Lady Leaders: Times Blog Asks Why There Aren’t More Women Top Docs

Photo by Alex E. Proimos via Flickr.com.

Danielle Ofri, a doctor writing Thursday on the New York Times‘ Well blog, considers why women haven’t ascended the top ranks of the medical field as much as men.

The post starts off with an anecdote about how bathroom-door reversal — which makes ingress and egress easier for pregnant women and those with bags and purses — was perceived by her medical suite as a victory for the women workers.

“Upon witnessing my daily struggle to wedge myself and my soon-to-be-born offspring into the stall, my female office mates began a petition to reverse the bathroom doors,” Ofri wrote. “Admittedly there are more pressing needs in medicine, but the administrators, secretaries and members of the clerical staff rallied to the cause, and eventually victory was achieved just before my son was born. We even had a party to celebrate the now-famed reversal of the doors. All the women from the suite attended.”

At that time, Ofri then realized that “of all of the women who worked in that suite of 30-odd offices, I was the only physician; every other woman was administrative. As I mentally surveyed the men who had offices in the suite, all but one were doctors and all were in the upper echelons of the department.”

She points out that women now comprise some 50 percent of all medical students and 33 percent of medical faculty, but that ” they are nearly absent in the upper ranks. A recent review in The Journal of General Internal Medicine showed that only 4 percent of full professors are women. Only 12 percent of department chiefs are women. In the survey, men and women were engaged in their work to a similar degree, and both groups had comparable aspirations for leadership roles.”

Generally speaking, Ofri argued, women still don’t “feel the same sense of inclusion in the medical world as men.”

She asks why, providing the kind of constructive, nuanced explanation that could help ameliorate this problem.

Though I do take issue with the claim that direct bias doesn’t play a large role — let’s face it, ladies: boys clubs are still big in most profesh fields — she points to other issues that we must address.

As indicated in Anne-Marie Slaughter’s Atlantic cover story, workplace culture generally isn’t family friendly, disproportionately disadvantaging women.

Why, you might ask?

As study after study points out, the burden of household and family duties do typically fall on women.

This, of course, can be a hurdle in career mobility, as “peak career-building years overlap with peak family-building years.”

This makes total sense.

If we’re going to change the American workplace so that it reflects positive attitudes about gender and employment — that women are as capable and have as important a role as men — society either needs to reconsider the distribution of parenting and households tasks or examine core tenets of workplace culture.

Here’s what I’m not to sure about:

Ofri also alludes to the notion of “‘possible selves.’”

“There is also the idea of ‘possible selves.’ If you see lots of women who are doctors, a teenager can imagine that for herself as a possible life,” she writes. “But if you never see any women leading a department, it’s much harder for a junior faculty member to envision that job as a possibility.”

While I’m not doubting that possible selves probably play a role in psychological development, I’m not entirely sold that it’s DEF make-or-break for an individual, since there’s a fair amount of observational (and probably empirical) evidence that would suggest otherwise.

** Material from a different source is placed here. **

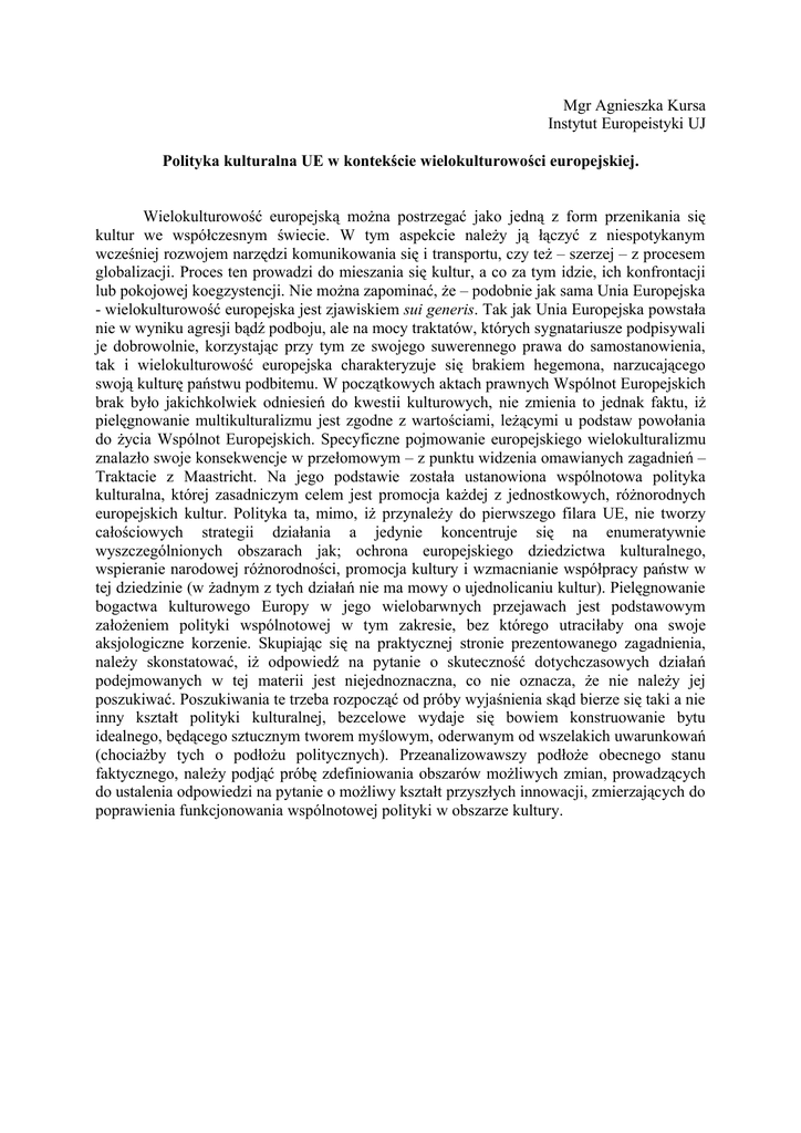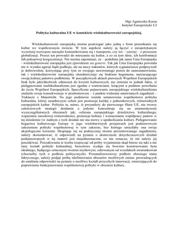 Mgr Agnieszka Kursa Instytut Europeistyki UJ Polityka kulturalna UE w kontekście wielokulturowości europejskiej. Wielokulturowość europejską można postrzegać jako jedną z form przenikania się kultur we współczesnym świecie. W tym aspekcie należy ją łączyć z niespotykanym wcześniej rozwojem narzędzi komunikowania się i transportu, czy też – szerzej – z procesem globalizacji. Proces ten prowadzi do mieszania się kultur, a co za tym idzie, ich konfrontacji lub pokojowej koegzystencji. Nie można zapominać, że – podobnie jak sama Unia Europejska - wielokulturowość europejska jest zjawiskiem sui generis. Tak jak Unia Europejska powstała nie w wyniku agresji bądź podboju, ale na mocy traktatów, których sygnatariusze podpisywali je dobrowolnie, korzystając przy tym ze swojego suwerennego prawa do samostanowienia, tak i wielokulturowość europejska charakteryzuje się brakiem hegemona, narzucającego swoją kulturę państwu podbitemu. W początkowych aktach prawnych Wspólnot Europejskich brak było jakichkolwiek odniesień do kwestii kulturowych, nie zmienia to jednak faktu, iż pielęgnowanie multikulturalizmu jest zgodne z wartościami, leżącymi u podstaw powołania do życia Wspólnot Europejskich. Specyficzne pojmowanie europejskiego wielokulturalizmu znalazło swoje konsekwencje w przełomowym – z punktu widzenia omawianych zagadnień – Traktacie z Maastricht. Na jego podstawie została ustanowiona wspólnotowa polityka kulturalna, której zasadniczym celem jest promocja każdej z jednostkowych, różnorodnych europejskich kultur. Polityka ta, mimo, iż przynależy do pierwszego filara UE, nie tworzy całościowych strategii działania a jedynie koncentruje się na enumeratywnie wyszczególnionych obszarach jak; ochrona europejskiego dziedzictwa kulturalnego, wspieranie narodowej różnorodności, promocja kultury i wzmacnianie współpracy państw w tej dziedzinie (w żadnym z tych działań nie ma mowy o ujednolicaniu kultur). Pielęgnowanie bogactwa kulturowego Europy w jego wielobarwnych przejawach jest podstawowym założeniem polityki wspólnotowej w tym zakresie, bez którego utraciłaby ona swoje aksjologiczne korzenie. Skupiając się na praktycznej stronie prezentowanego zagadnienia, należy skonstatować, iż odpowiedź na pytanie o skuteczność dotychczasowych działań podejmowanych w tej materii jest niejednoznaczna, co nie oznacza, że nie należy jej poszukiwać. Poszukiwania te trzeba rozpocząć od próby wyjaśnienia skąd bierze się taki a nie inny kształt polityki kulturalnej, bezcelowe wydaje się bowiem konstruowanie bytu idealnego, będącego sztucznym tworem myślowym, oderwanym od wszelakich uwarunkowań (chociażby tych o podłożu politycznych). Przeanalizowawszy podłoże obecnego stanu faktycznego, należy podjąć próbę zdefiniowania obszarów możliwych zmian, prowadzących do ustalenia odpowiedzi na pytanie o możliwy kształt przyszłych innowacji, zmierzających do poprawienia funkcjonowania wspólnotowej polityki w obszarze kultury. Bibliografia: 1. B. Bernaś, Unia Europejska na przełomie tysiącleci, Wrocław 2002. 2. Czy klęska wielokulturowości? (red). nauk. Hanna Mamzer, Poznań 2008. 3. Europa. Szansa dla Kultury – finansowanie przedsięwzięć kulturalnych, oprac. Punkt Kontaktowy do Spraw Kultury, Ministerstwo Kultury, Warszawa 2004. 4. Dylematy wielokulturowości, (red). Wojciech Kalaga, Kraków 2004. 5. Integracja Europejska, (red.) M. Kuniński, Kraków 2000. 6. K. Krzysztofek, Kultura a modernizacja społeczna, Warszawa 1993. 7. Kultura ma znaczenie, (red.) L. E. Harrison, S. P. Huntington, przeł. S. Dymczyk, Poznań 2003. 8. Międzynarodowe stosunki kulturalne. Teksty źródłowe, opr. Ł. Leszczenko, Wrocław 2004. 9. Międzynarodowe stosunki kulturalne. Wybór dokumentów i literatury, opr. Cz. Lewandowski, Wrocław 2001. 10. K. Waluch, Finansowanie kultury w programach i funduszach Unii Europejskiej, Płock 2004. 11. K. Waluch, Polityka kulturalna Unii Europejskiej, Płock 2004. 12. Pogranicza i multikulturalizm, (red). K. Krzysztofek, A. Sadowski, Białystok 2004. 13. Tożsamość europejska – wielokulturowość – globalizacja, (red). J. Beksiński, Włocławek 2007. 14. Wielokulturowość – międzykulturowość - transkulturowość w perspektywie europejskiej i pozaeuropejskiej, (red). A. Barska, M. Korzeniowski, Opole 2007. 15. Wzory wielokulturowości we współczesnym świecie, (red). K. Golemo, T. Paleczny, E. Wiącek, Kraków 2006.

That’s to say, if possible selves were a SUPER strong predictor of human behavior, how do we explain away the many individuals who transcended the societally-proferred notions of what they should/should not be (based upon gender, race, class, etc.) and become what they wanted anyway?

Then again, that’s kind of a clusterfuck of a question, as it goes back to the whole nature/nurture debate that will never, ever be solved.